Ömer Çelik, Harvard Üniversitesi yönetiminin CMES'de yapılan çalışmaları anti-semitizm olarak adlandırmasının, bilimsel düşünceye açık bir saldırı olduğunu belirtti. Üniversitelerin ve akademik düşüncenin küresel düzeyde siyonist saldırganlığın hedefinde olduğuna dikkat çekti. Bu durum, akademik özgürlüğün ve bilimsel düşüncenin korunması açısından önemli bir tartışma başlattı.
Harvard Üniversitesi Ortadoğu Çalışmaları Merkezi yöneticisi Prof. Cemal Kafadar ve yardımcısı Rosie Bsheer, anti-semitizm suçlamasıyla görevlerinden alındı. Ömer Çelik, bu durumu, akademik düşünceyi siyonistleştirmek isteyenlerin yeni bir saldırganlığı olarak değerlendirdi. Bu karar, akademik özgürlüğün kısıtlanması anlamına geliyor.
Çelik, Netanyahu ve şebekesinin saldırganlığının, soykırım suçlarının eleştirilmesini anti-semitizm olarak yaftaladığını ifade etti. Bu durum, siyonizmin ifade hürriyetini köleleştirme çabası olarak görülüyor. Akademik çevrelerde bu tür suçlamaların artması, bilimsel düşüncenin geleceği için endişe verici bir gelişme olarak değerlendiriliyor.
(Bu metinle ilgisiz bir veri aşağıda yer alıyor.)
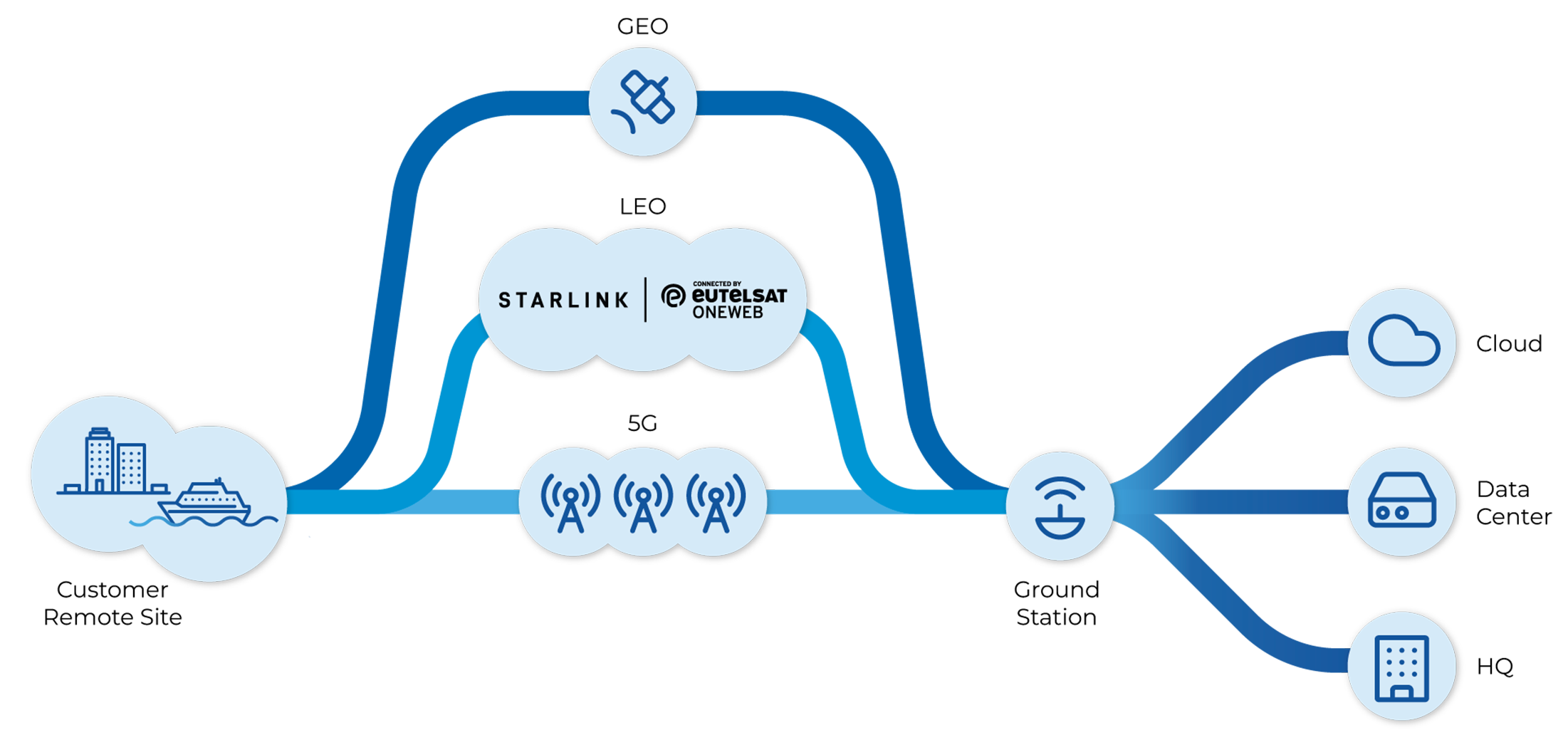 Latency/jitter-aware routing and policy-based traffic steering optimize application performance across satellite, 5G, and terrestrial links.

Ömer Çelik, siyonizmin insanlık düşmanı bir nefret siyaseti olduğunu vurguladı. Üniversitelerin siyonizme teslim olmasının, medeniyetin tüm kazanımlarını yok edeceğini belirtti. Bu tür saldırılar, akademik özgürlüğün ve eleştirel düşüncenin zayıflamasına yol açabilir.
Çelik'in açıklamaları, akademik çevrelerde geniş yankı buldu. Siyonizmin, düşünce dünyasında yarattığı baskı ve korku ortamı, akademik özgürlüğü tehdit eden bir unsur olarak öne çıkıyor. Bu durum, dünya genelinde akademik düşüncenin geleceği açısından ciddi bir tehdit oluşturuyor.